FIG. 7 is a diagram showing a functional configuration of a communication system according to a first embodiment.

(Functional Configuration of Communication Apparatus)

The electronic blackboard 102a which is an example of the communication apparatus according to the present embodiment includes a first communication unit 701, an ID obtainment unit 702, a destination information obtainment unit 703, a second communication unit 704, a change unit 705, and a creation unit 706. It is assumed that the projector 102b, the laptop computer 103a, and the tablet terminal 103b serving as another communication apparatus also have the same configuration.

The first communication unit 701 performs communication in Bluetooth communication, for example. The first communication unit 701 is realized using the short-range wireless communication unit 507, the first antenna 508, and the like shown in FIG. 5, for example.

The ID obtainment unit (detection unit) 702 uses the first communication unit 701 or the like in order to obtain (detect) first identification information (first signal) transmitted by the first ID transmitter 101a and second identification information (second signal) transmitted by the second ID transmitter 101b. The ID obtainment unit 702 is realized using a software process in accordance with a program executed by the CPU 501 shown in FIG. 5, for example.

The destination information obtainment unit 703 uses the second communication unit 704 or the like in order to obtain destination information about another communication apparatus. The destination information obtainment unit 703 is realized using a software process in accordance with a program executed by the CPU 501 shown in FIG. 5, for example. How the destination information is obtained will be described later.

The second communication unit 704 performs communication in a wireless LAN, for example. The second communication unit 704 is realized using the LAN controller 514, the wireless LAN communication unit 515, the second antenna 516, and the like shown in FIG. 5.

The creation unit 706 uses the first identification information and the second identification information obtained by the ID obtainment unit 702 in order to create predetermined information to be used in wireless LAN communication. The creation unit 706 includes a Service Set Identifier (SSID) creation unit 707, an encryption key creation unit 708, and the like.
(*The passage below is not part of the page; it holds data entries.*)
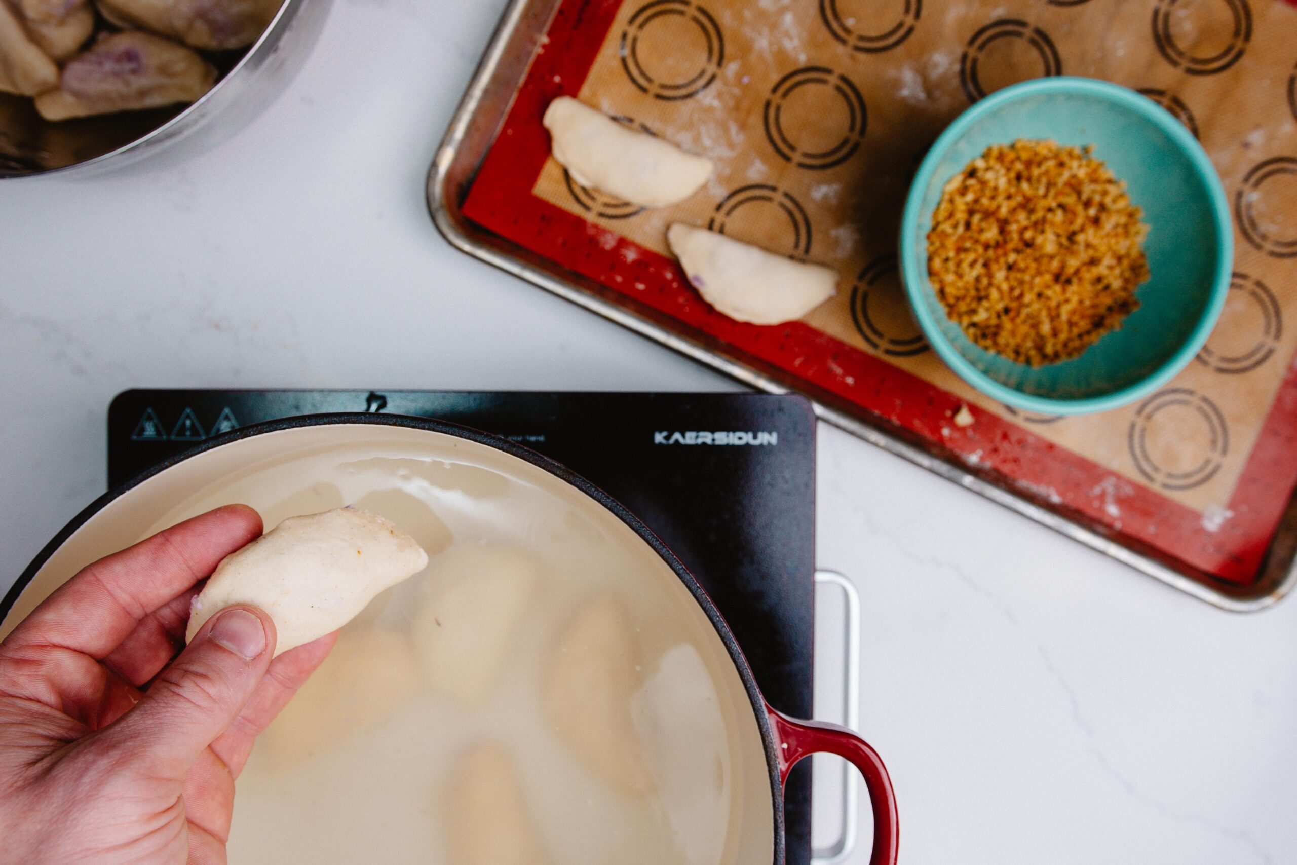 Once your dumplings are finished and frozen, bring a large pot of salted water to a rolling boil, add your desired amount of Pierogis in and cook until they float!
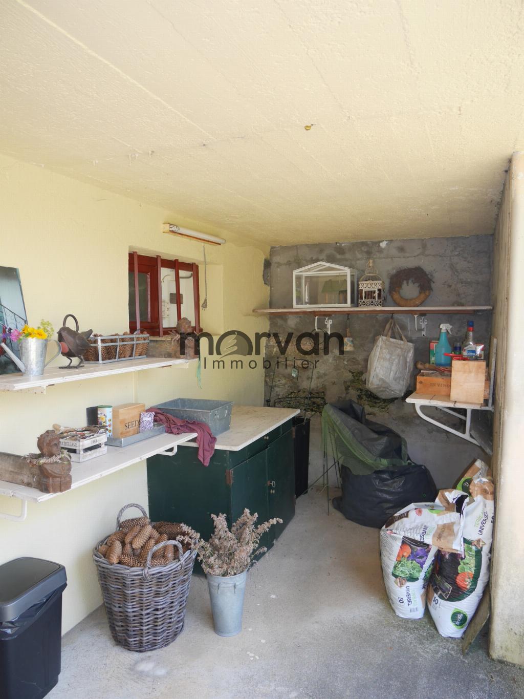 Un pavillon des années 70, élevé en partie sur sous-sol avec garage et chaufferie, CC au fioul, chaudière neuf de 2021 'Viessmann', deuxième partie du sous-sol: atelier buanderie.
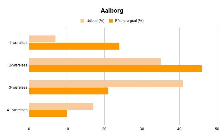 Kigger man på undersøgelsen, fremgår det at over halvdelen af de boligsøgende efterspørger to-værelses lejligheder i Aalborg. Dog har udbuddet svært ved at følge med på lige netop denne boligtype, og udgjorde kun 35% af de ledige boliger i 2018. Derfor har mange boligsøgende svært ved at få fingrene i lige præcis den bolig, de søger.
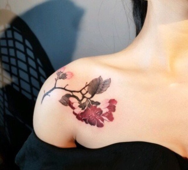 肩花纹身--一组适合肩部的黑灰肩花纹身图案欣赏
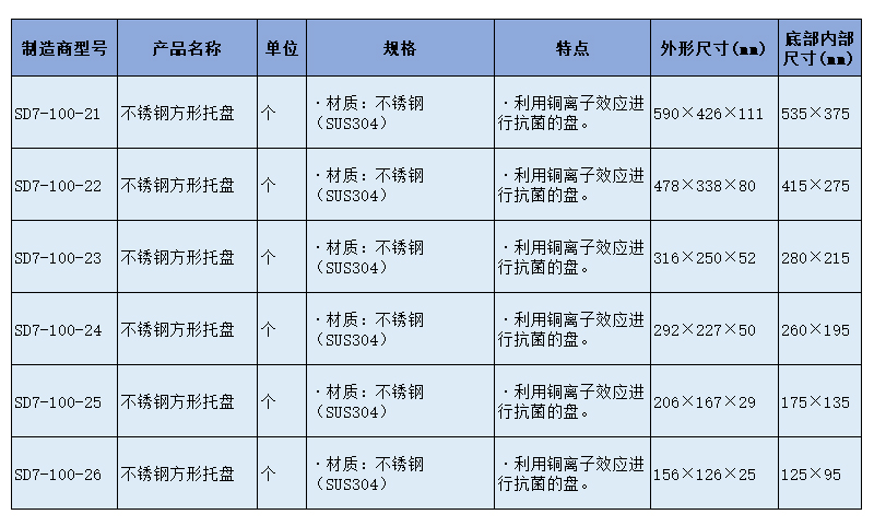 SLAMED 不锈钢方形托盘 478×338×80mm SD7-100-22
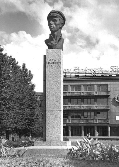Газа И. И., памятникРубрикатор / Памятники Санкт-Петербурга/1917 – 1991 Адрес: Стачек пр., 72, перед Дворцом культуры им. Газа Скульптор: Гликман Гавриил Давидович (1913-2003) Архитектор: Мачерет Юрий Яковлевич (род. 1915) Открыт в 1962 г. Материалы: бронза – бюст; гранит красный, кованый – постамент. Подписи: на плинте бюста с тыльной стороны: Гликман. Надписи: на постаменте с лицевой стороны врезными тонированными знаками: Иван / Иванович / Газа. Еще в 1933 г., вскоре после смерти И.И. Газа, рабочие завода «Красный путиловец», на котором он работал, выступили с инициативой сооружения памятника. Тогда же Старо-Петергофский проспект переименован в проспект Газа. В 1959 г. принято решение об установке памятника-бюста И.И. Газа в Кировском районе. Отливка бюста произведена в бронзолитейной мастерской Академии художеств. Высота бюста — 1,5 м, высота постамента — 3,5 м. Персоны
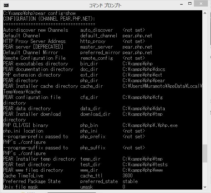 set PHP_PEAR_SYSCONF_DIR=C:¥xampp¥php(エンターキー)
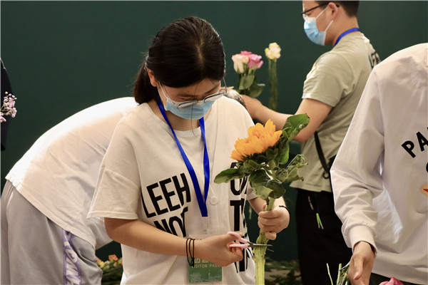 随后,活动负责的同学详细讲解示范了花束制作的要领和技艺,耐心地指导、帮助同学们修剪花枝、做造型,带大家亲手体验插花艺术。在花香四溢的悠闲氛围中,同学们兴致勃勃,根据不同的色彩、形状精心搭配,充分发挥自己的想象力和创造力,一件件各具特色的插花作品呈现在大家面前。每位同学现场拨通视频,将自己亲手制作的花束,云端送给妈妈,并表达了对妈妈节日的祝福,脸上都洋溢着满满的幸福感。
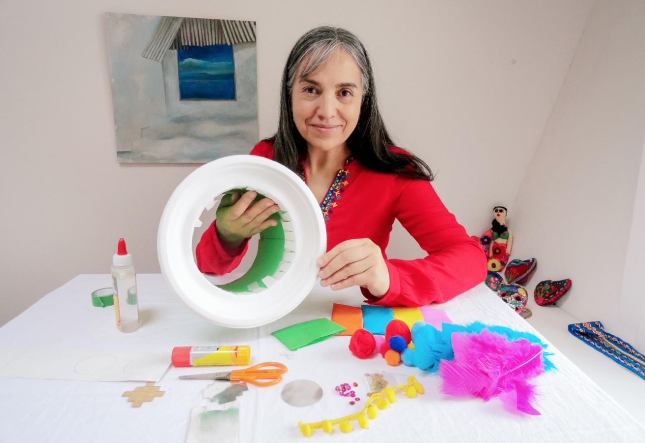 I started crafting when I was very young.  I loved creating things from scratch, like sewing clothes for my doll named Peta. With my sisters and friends, I would make dishes, pots and cups out of clay and dry them in the sun. We made wings out of old cardboard, and then tried to fly them by jumping off a tall ramp and falling onto a big pile of hay. Once I made myself a pair of shoes out of an old bicycle tire, and I swore I could run faster! LOLl!  As a teenager, I used some of my dad’s wood and some of my mom's yarn to make lamps for my family. While in college, I would make and sell ornamental scrolls with handwritten quotes about freedom, or with song verses by the Chilean musicians Violeta Parra and Victor Jara.
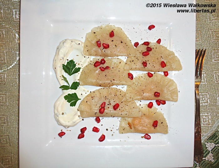 Posypałam pierogi ziarnami granatu i delikatnie oprószyłam pieprzem. Dodałam również jogurt wymieszany z posiekanym tymiankiem i odrobiną pieprzu.
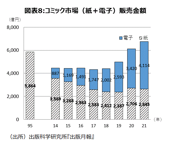 出版科学研究所は電子コミックに関する統計を2014年から開始している。電子コミック市場は21年まで7年連続の増加になっている。21年の前年比は+20.3%の増加である。紙と電子を合わせたコミック市場は、17年を底にして4年連続増加している。

The SSID creation unit 707 creates an SSID which serves as an identifier in a wireless LAN network according to the communication system 100 by using a predetermined algorithm based on the first identification information and the second identification information obtained by the ID obtainment unit 702. Since each communication apparatus according to the present embodiment creates the SSID by using a common algorithm, SSIDs created by the communication apparatuses have the same information.

The encryption key creation unit 708 creates an encryption key in the wireless LAN network by using a predetermined algorithm based on the first identification information and the second identification information obtained by the ID obtainment unit 702. Since each communication apparatus according to the present embodiment creates the encryption key by using a common algorithm, encryption keys created by the communication apparatuses have the same information.

The creation unit 706, the SSID creation unit 707, and the encryption key creation unit 708 are realized using a software process in accordance with a program executed by the CPU 501 shown in FIG. 5, for example.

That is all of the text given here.